Meet Araminta Ray
Araminta Ray’s path to East Tennessee State University’s Quillen College of Medicine took a 2,190.9-mile detour that required some of the same tools she has used as a medical student – resilience, perspective, and community.
Ray was accepted to Quillen in 2018.
“I don’t remember a time in my life when I didn’t want to become a doctor,” Ray said. “But I’ve also known I was going to hike the Appalachian Trail about as long as I’ve known I was going to be a doctor. It’s been a part of me and one of my lifelong goals for years.”
Ray knew that she would not have time for a thru-hike as a medical student or resident, so she deferred her acceptance into Quillen for one year to undertake what Appalachian Trail (AT) hikers call a “flip-flop” thru-hike, meaning she would start in the middle of the trail and hike one half of the journey, then return to where she began for the second leg in the opposite direction.
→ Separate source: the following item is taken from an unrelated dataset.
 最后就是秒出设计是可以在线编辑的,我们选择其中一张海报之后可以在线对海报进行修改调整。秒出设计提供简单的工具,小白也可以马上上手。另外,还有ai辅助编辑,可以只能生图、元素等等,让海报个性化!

Ray applied to become an Appalachian Trail Chaplain, which is a ministry of the Holston Conference of The United Methodist Church. She was the first female chosen for this role, and thus began her journey as a trail chaplain on June 15, 2018.
She started in Harpers Ferry, West Virginia and hiked more than 1,100 miles northbound to Maine, where she summited Mt. Katahdin, the northern terminus of the trail, on Sept. 3.
“Then I took about a week off to prove to my mother that I was still alive,” Ray said.
After her short break, Ray flew back to Harper’s Ferry to complete the southern (and her favorite) portion of the trail, hiking about 1,000 miles down to Springer Mountain, Georgia, the southern terminus. She finished on Nov. 10, 2018.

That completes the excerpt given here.